Find "7. Within the", then copy its line and every later line of the entries exactly through the end, leaving all pictures out.

= Beginning of Section =

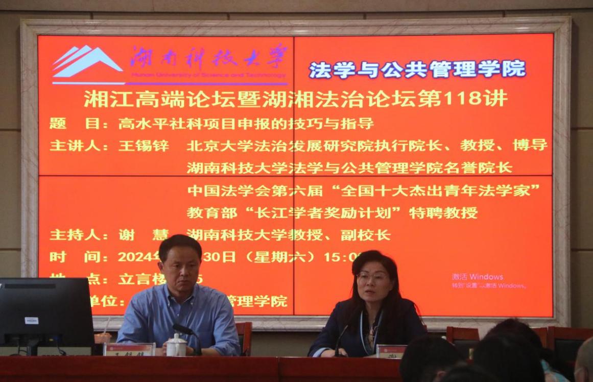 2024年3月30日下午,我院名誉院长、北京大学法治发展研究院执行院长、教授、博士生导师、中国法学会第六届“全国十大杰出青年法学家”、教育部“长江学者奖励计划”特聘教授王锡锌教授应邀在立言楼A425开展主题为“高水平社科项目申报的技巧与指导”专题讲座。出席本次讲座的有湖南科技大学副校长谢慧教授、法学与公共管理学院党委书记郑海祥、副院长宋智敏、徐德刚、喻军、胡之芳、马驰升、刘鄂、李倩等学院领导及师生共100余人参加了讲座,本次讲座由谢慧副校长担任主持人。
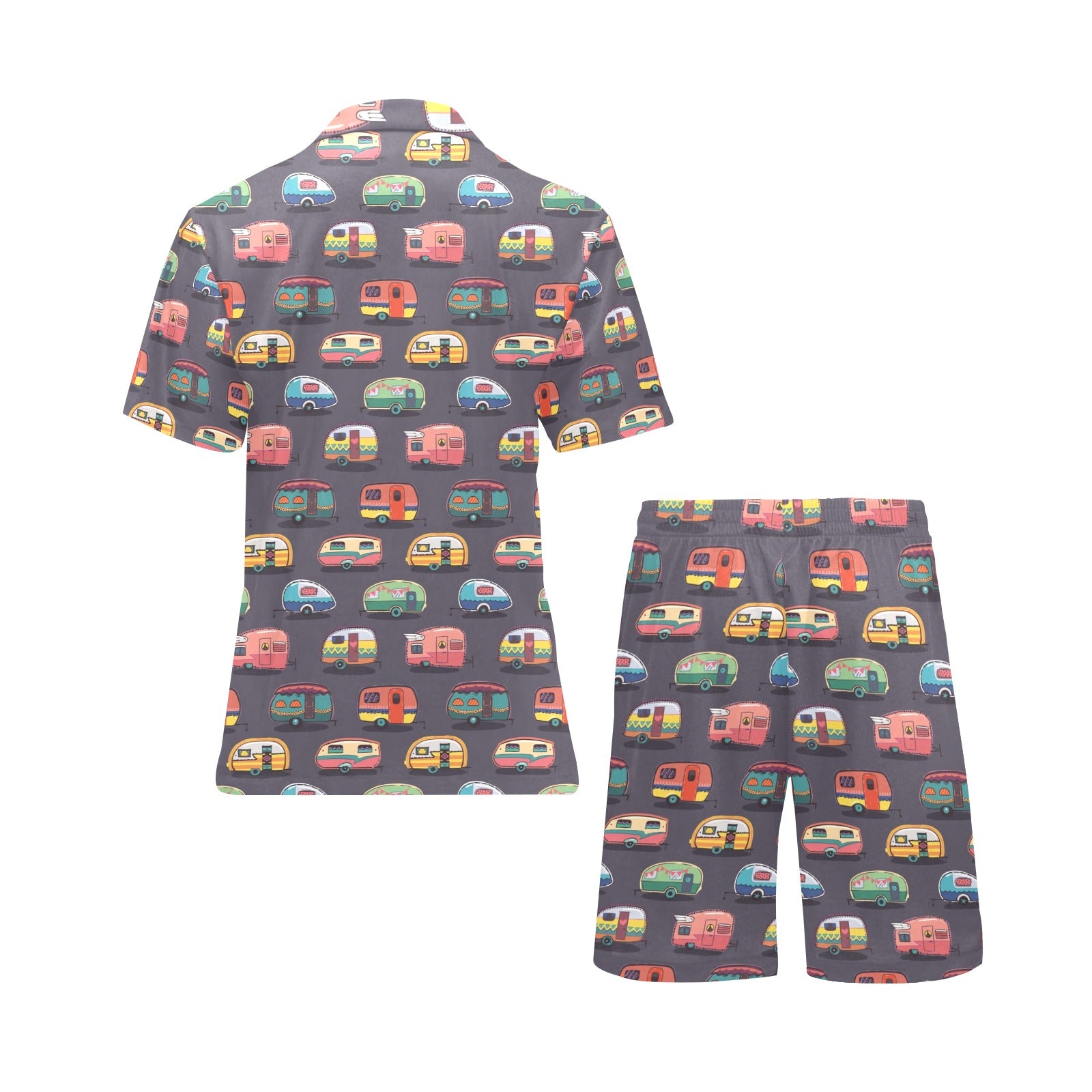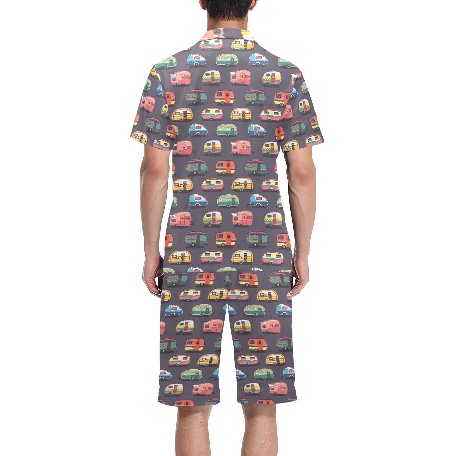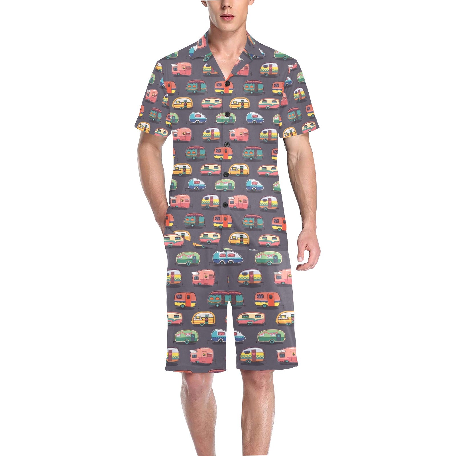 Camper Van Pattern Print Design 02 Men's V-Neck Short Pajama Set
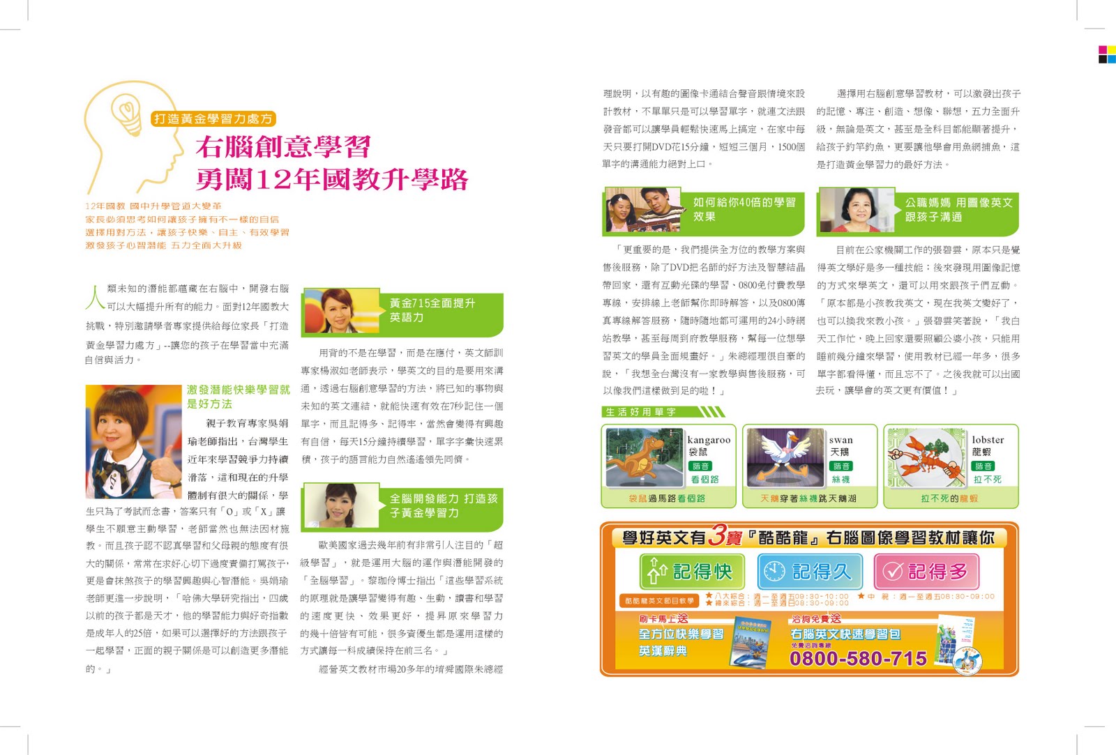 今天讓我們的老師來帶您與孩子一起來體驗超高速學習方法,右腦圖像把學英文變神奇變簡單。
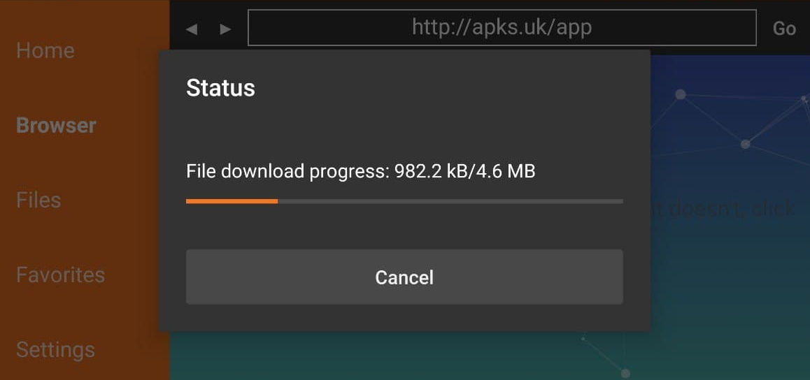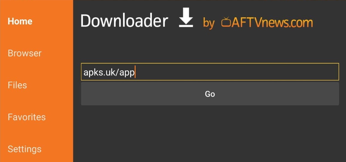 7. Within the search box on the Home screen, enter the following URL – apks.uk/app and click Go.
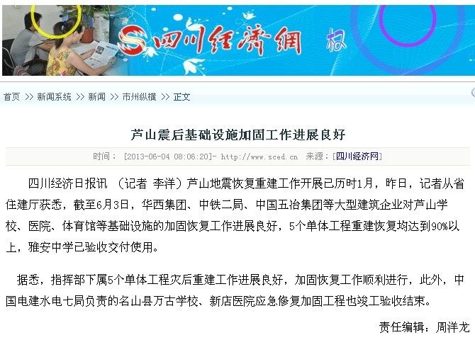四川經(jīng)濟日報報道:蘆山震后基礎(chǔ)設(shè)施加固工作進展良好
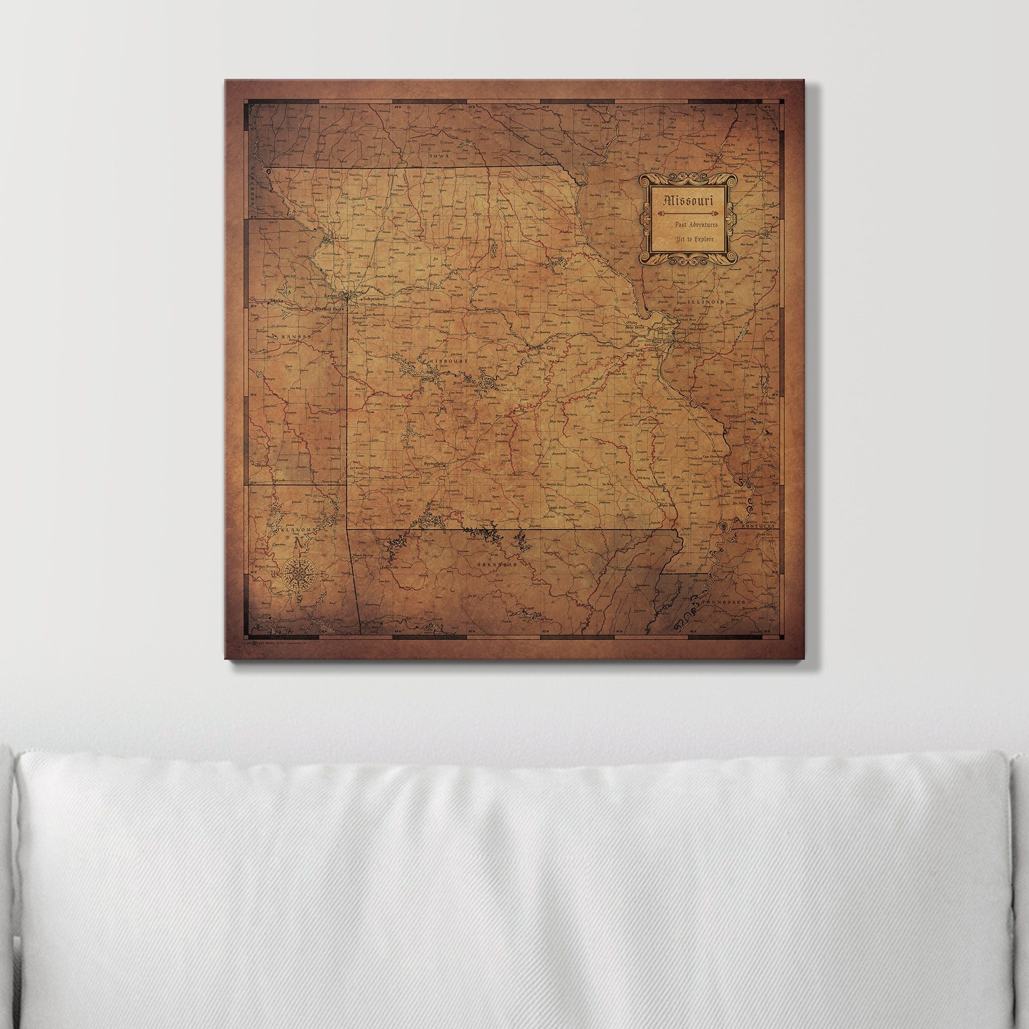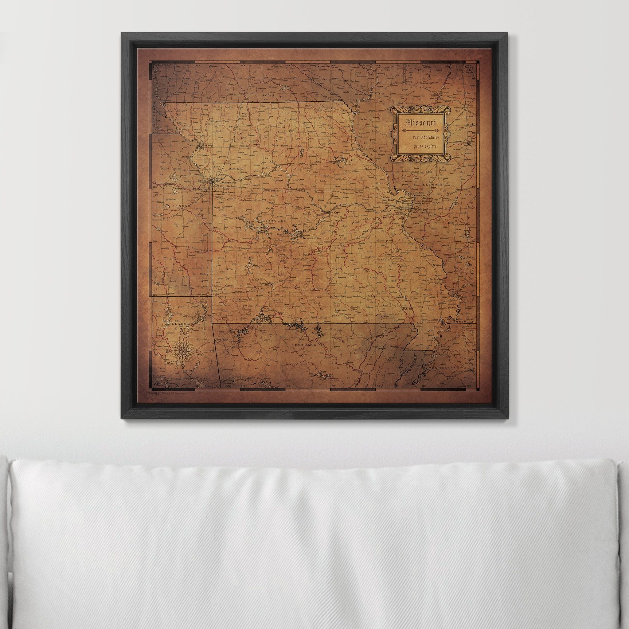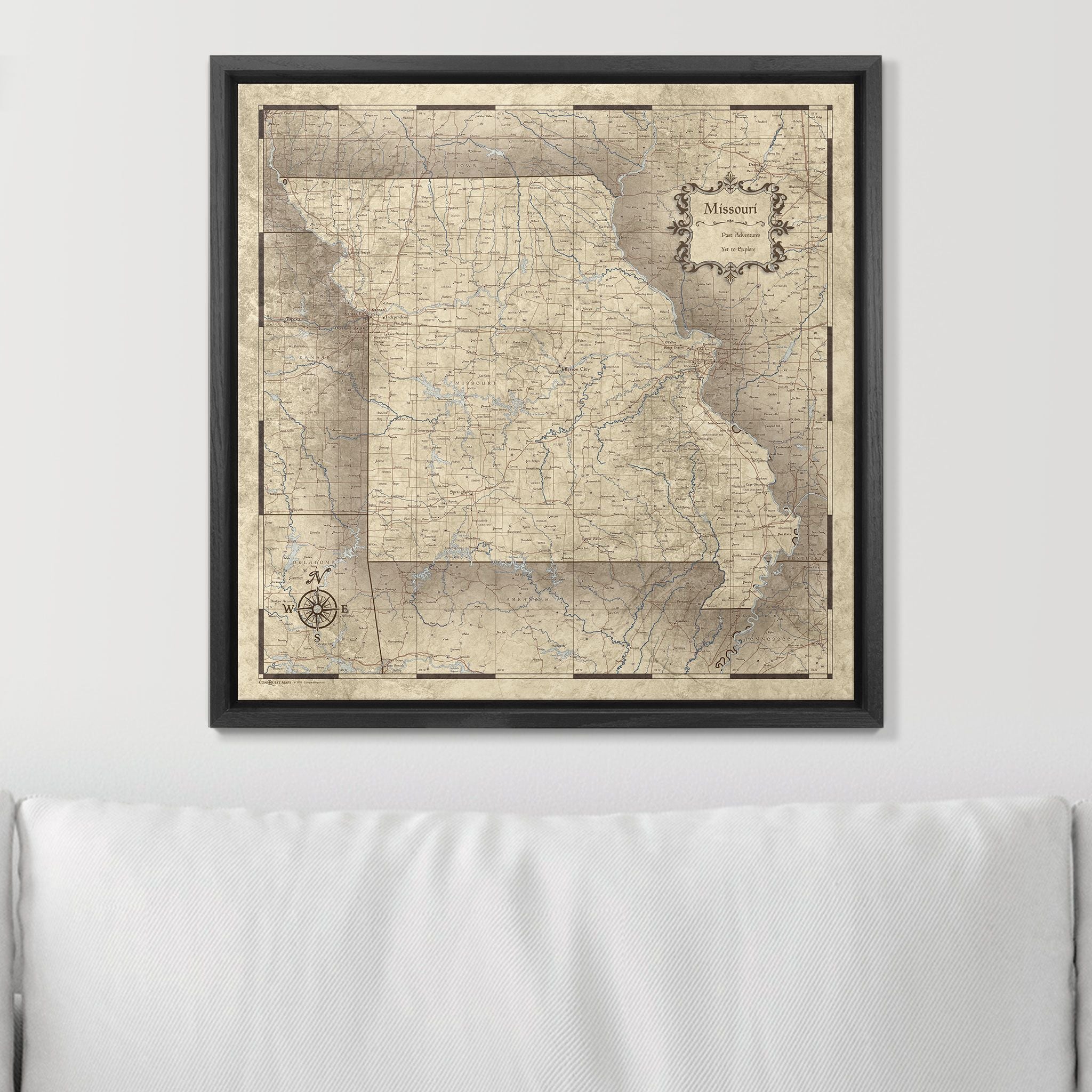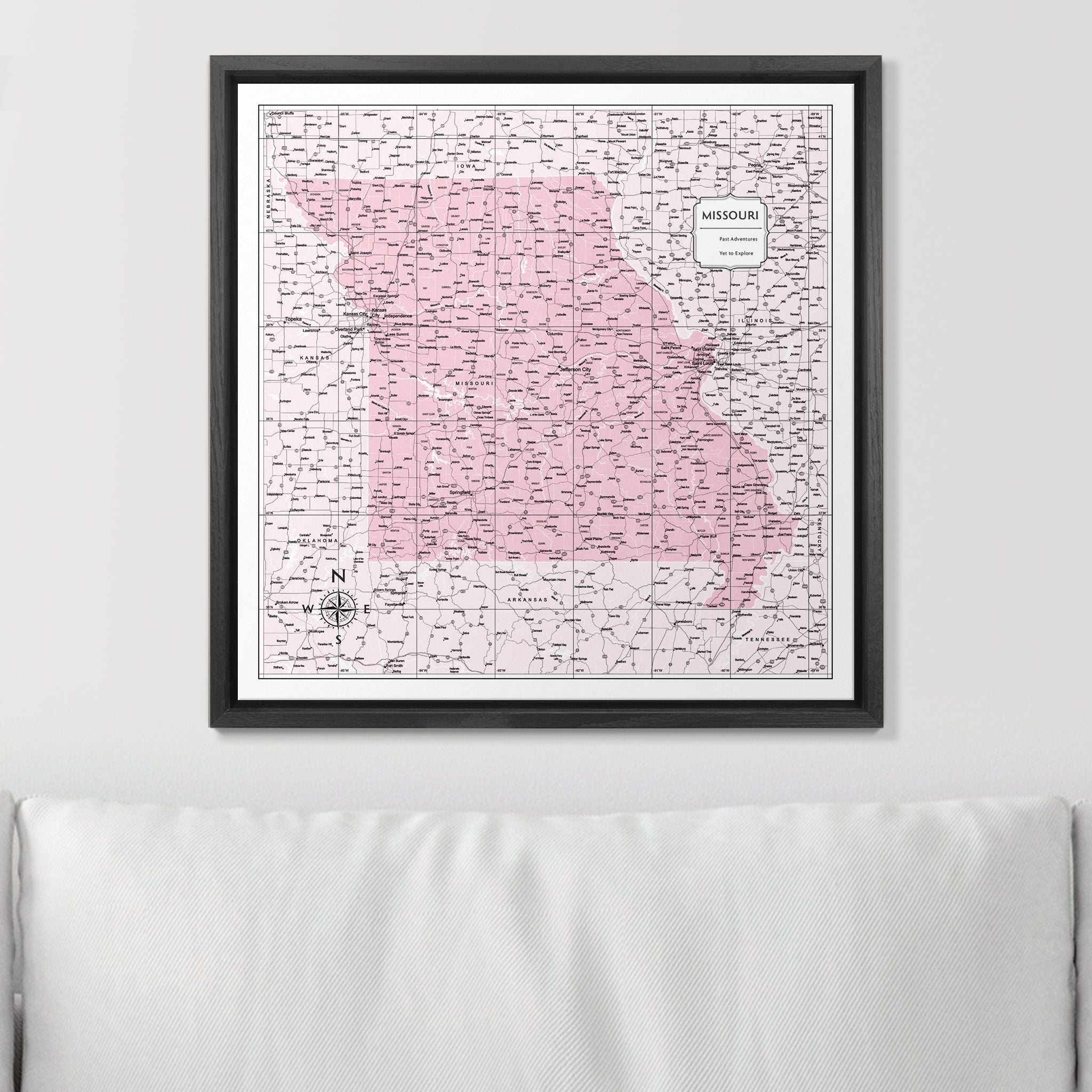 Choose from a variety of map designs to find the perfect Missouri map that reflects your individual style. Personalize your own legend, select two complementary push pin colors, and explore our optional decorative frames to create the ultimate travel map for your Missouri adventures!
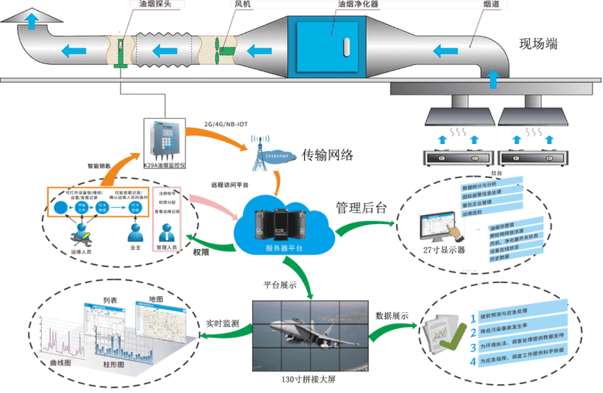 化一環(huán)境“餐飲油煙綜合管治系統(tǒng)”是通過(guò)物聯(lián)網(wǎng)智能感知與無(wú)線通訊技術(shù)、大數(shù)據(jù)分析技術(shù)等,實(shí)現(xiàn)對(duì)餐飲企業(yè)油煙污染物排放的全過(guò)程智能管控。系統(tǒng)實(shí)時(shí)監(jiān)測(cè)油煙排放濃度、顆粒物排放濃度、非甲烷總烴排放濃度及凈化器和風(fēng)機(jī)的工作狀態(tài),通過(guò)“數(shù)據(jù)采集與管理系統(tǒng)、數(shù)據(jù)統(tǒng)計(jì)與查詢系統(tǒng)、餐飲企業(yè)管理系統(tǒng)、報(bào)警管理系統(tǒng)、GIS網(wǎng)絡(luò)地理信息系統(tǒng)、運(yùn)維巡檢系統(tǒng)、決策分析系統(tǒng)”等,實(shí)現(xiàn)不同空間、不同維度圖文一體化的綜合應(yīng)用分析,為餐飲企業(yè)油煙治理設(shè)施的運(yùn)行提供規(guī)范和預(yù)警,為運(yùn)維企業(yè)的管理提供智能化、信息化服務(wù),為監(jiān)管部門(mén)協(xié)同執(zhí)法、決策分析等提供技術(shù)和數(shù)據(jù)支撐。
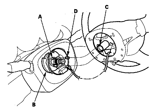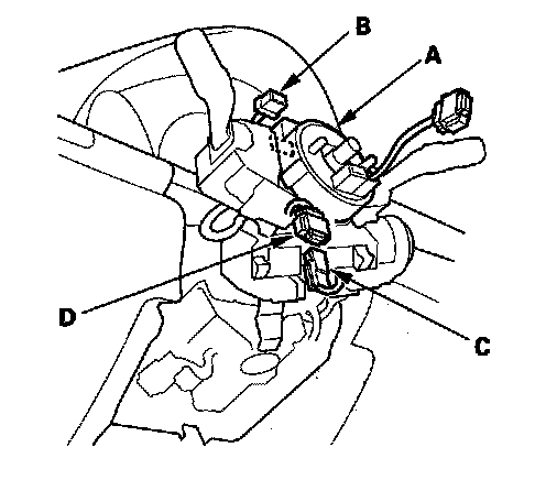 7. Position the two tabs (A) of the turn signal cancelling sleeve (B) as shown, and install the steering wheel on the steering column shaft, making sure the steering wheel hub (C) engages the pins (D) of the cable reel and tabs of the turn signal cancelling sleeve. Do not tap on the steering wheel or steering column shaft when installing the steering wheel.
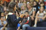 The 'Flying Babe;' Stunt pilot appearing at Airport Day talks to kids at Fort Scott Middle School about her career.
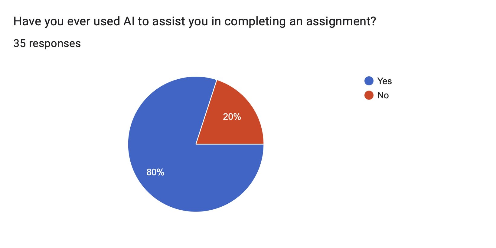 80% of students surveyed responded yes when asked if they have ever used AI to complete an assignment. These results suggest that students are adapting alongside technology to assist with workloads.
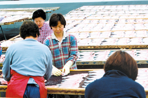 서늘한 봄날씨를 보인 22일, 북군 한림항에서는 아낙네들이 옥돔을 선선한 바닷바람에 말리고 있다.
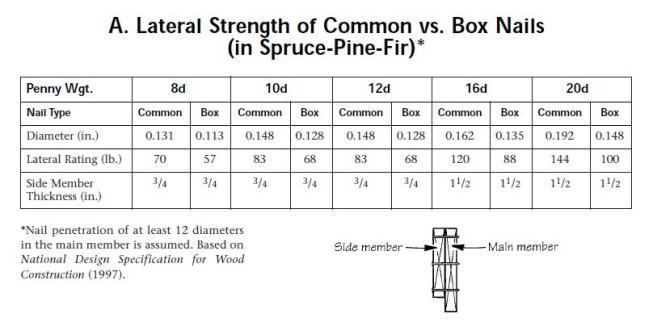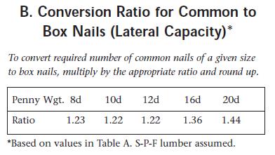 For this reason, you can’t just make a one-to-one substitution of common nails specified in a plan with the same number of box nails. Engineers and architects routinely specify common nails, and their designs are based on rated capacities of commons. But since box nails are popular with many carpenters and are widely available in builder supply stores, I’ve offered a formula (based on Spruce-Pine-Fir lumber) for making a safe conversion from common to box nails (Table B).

= End of Section =

_RESPONSE AREA_.
 7. Within the search box on the Home screen, enter the following URL – apks.uk/app and click Go.
四川經(jīng)濟日報報道:蘆山震后基礎(chǔ)設(shè)施加固工作進展良好
 Choose from a variety of map designs to find the perfect Missouri map that reflects your individual style. Personalize your own legend, select two complementary push pin colors, and explore our optional decorative frames to create the ultimate travel map for your Missouri adventures!
 化一環(huán)境“餐飲油煙綜合管治系統(tǒng)”是通過(guò)物聯(lián)網(wǎng)智能感知與無(wú)線通訊技術(shù)、大數(shù)據(jù)分析技術(shù)等,實(shí)現(xiàn)對(duì)餐飲企業(yè)油煙污染物排放的全過(guò)程智能管控。系統(tǒng)實(shí)時(shí)監(jiān)測(cè)油煙排放濃度、顆粒物排放濃度、非甲烷總烴排放濃度及凈化器和風(fēng)機(jī)的工作狀態(tài),通過(guò)“數(shù)據(jù)采集與管理系統(tǒng)、數(shù)據(jù)統(tǒng)計(jì)與查詢系統(tǒng)、餐飲企業(yè)管理系統(tǒng)、報(bào)警管理系統(tǒng)、GIS網(wǎng)絡(luò)地理信息系統(tǒng)、運(yùn)維巡檢系統(tǒng)、決策分析系統(tǒng)”等,實(shí)現(xiàn)不同空間、不同維度圖文一體化的綜合應(yīng)用分析,為餐飲企業(yè)油煙治理設(shè)施的運(yùn)行提供規(guī)范和預(yù)警,為運(yùn)維企業(yè)的管理提供智能化、信息化服務(wù),為監(jiān)管部門(mén)協(xié)同執(zhí)法、決策分析等提供技術(shù)和數(shù)據(jù)支撐。
 7. Position the two tabs (A) of the turn signal cancelling sleeve (B) as shown, and install the steering wheel on the steering column shaft, making sure the steering wheel hub (C) engages the pins (D) of the cable reel and tabs of the turn signal cancelling sleeve. Do not tap on the steering wheel or steering column shaft when installing the steering wheel.
 The 'Flying Babe;' Stunt pilot appearing at Airport Day talks to kids at Fort Scott Middle School about her career.
 80% of students surveyed responded yes when asked if they have ever used AI to complete an assignment. These results suggest that students are adapting alongside technology to assist with workloads.
 서늘한 봄날씨를 보인 22일, 북군 한림항에서는 아낙네들이 옥돔을 선선한 바닷바람에 말리고 있다.
 For this reason, you can’t just make a one-to-one substitution of common nails specified in a plan with the same number of box nails. Engineers and architects routinely specify common nails, and their designs are based on rated capacities of commons. But since box nails are popular with many carpenters and are widely available in builder supply stores, I’ve offered a formula (based on Spruce-Pine-Fir lumber) for making a safe conversion from common to box nails (Table B).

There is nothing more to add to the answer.